Compliance with the conditions and restrictions of atmospheric emissions occurs partially (Table 7), since the annual proper maintenance and the presentation of the Maintenance Report are not recorded since the operation of Porto until 2016, as well as The non-discharge of products that generate emission of particulate matter to the atmosphere resulting from the operation of the ship's unloader, without control measures, has been proven to avoid the displacement of the atmospheric plume. The port activity involves a variety of sources of air pollution besides navigation, such as the transit of diesel trucks, trains, nearby industrial complexes or even the movement of cargo (BAILEY; SOLOMON, 2004). Antó et al. (1989) report the occurrence of an asthma epidemic in Barcelona between 1985 and 1986 caused by the inhalation of soy dust from the discharge of the product in the city's port.

 

Table 7 - Results of atmospheric emissions item

Atmospheric emissions

Annual proper maintenance of the vapor control devices (pressure and vacuum valves) in the vents of the underground fuel tanks, according to the manufacturer's recommendations

2

Presentation of the Maintenance Report of the Fuel Storage Tanks Emissions Control System related to the maintenance of the vapor control devices (pressure and vacuum valves), annually

2

No emission of odorous substances into the atmosphere in quantities that may be noticeable outside the limits of its property

3

Adoption of control measures to prevent the spread of atmospheric emissions (release of substances or energy into the air)

3

ABNT NBR 10151 compliance regarding noise levels generated by the company's activity

3

Air quality standards and air pollutant conditions in accordance with current legislation

3

No discharge of products that generate emission of particulate matter to the atmosphere resulting from the operation of the ship unloader, without control measures, to avoid the displacement of the atmospheric plume.

0

Cleaning crew in the area during the unloading operation, collecting the spilled cargo

3

TOTAL

19 (P.A.)

 

In addition, it is important to highlight the occurrence of fertilizer loads in the port in question, since Hüttner and Moreira (2000) report that workers exposed to this product had an increased prevalence of respiratory symptoms in relation to unexposed workers. The authors report that the problem affects even people not directly exposed to the product due to the spread of particulates.
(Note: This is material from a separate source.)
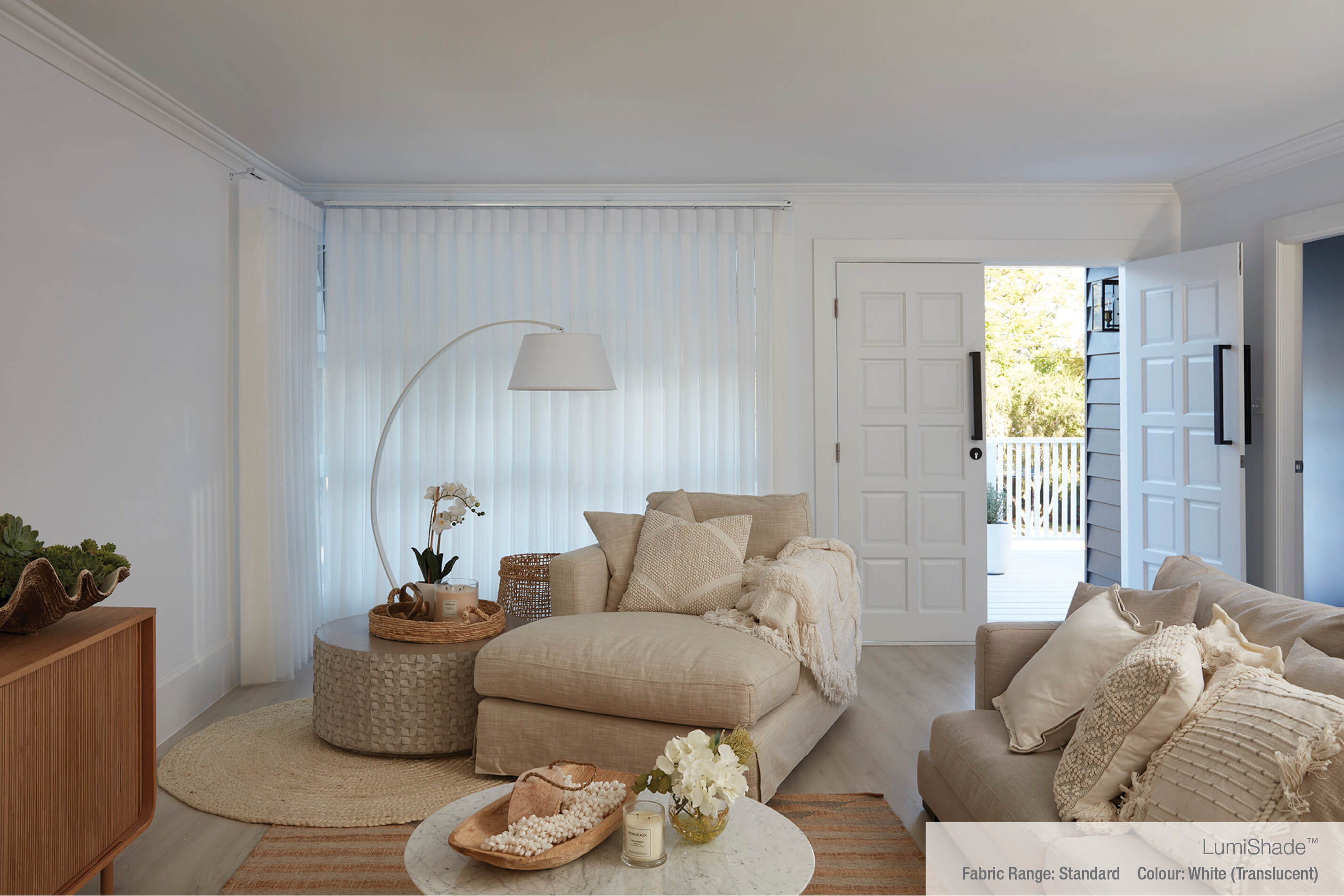 A contemporary take on a classic window covering, Luxaflex® LumiShade® combines the versatility of a vertical blind with the elegant appeal of a soft window furnishing. Featuring the premium Luxaflex EDGE Vertical track system and soft sheer fabric, Luxaflex® LumiShade® provides the perfect balance of style, durability and child safety features and was a perfect solution for this gorgeous family home.

Water quality monitoring (Table 8) poorly meets OL conditionings and restrictions. Although water quality monitoring was performed, all parameters defined in CONAMA Resolution No. 357/2005 were not analyzed, thus constituting partial compliance with the conditioner. Analyses are performed in a laboratory with a register certified by FEPAM. However, one of the analyzed parameters is not included in the list of parameters registered with FEPAM, and no sample collection report was presented, thus attributing unsatisfactory compliance with the condition. Regarding the collection of water body samples simultaneously with the operation of Porto, it is stated in the audit that Porto is aware of the condition; however, no collection dates are recorded, making it impossible to confirm the data.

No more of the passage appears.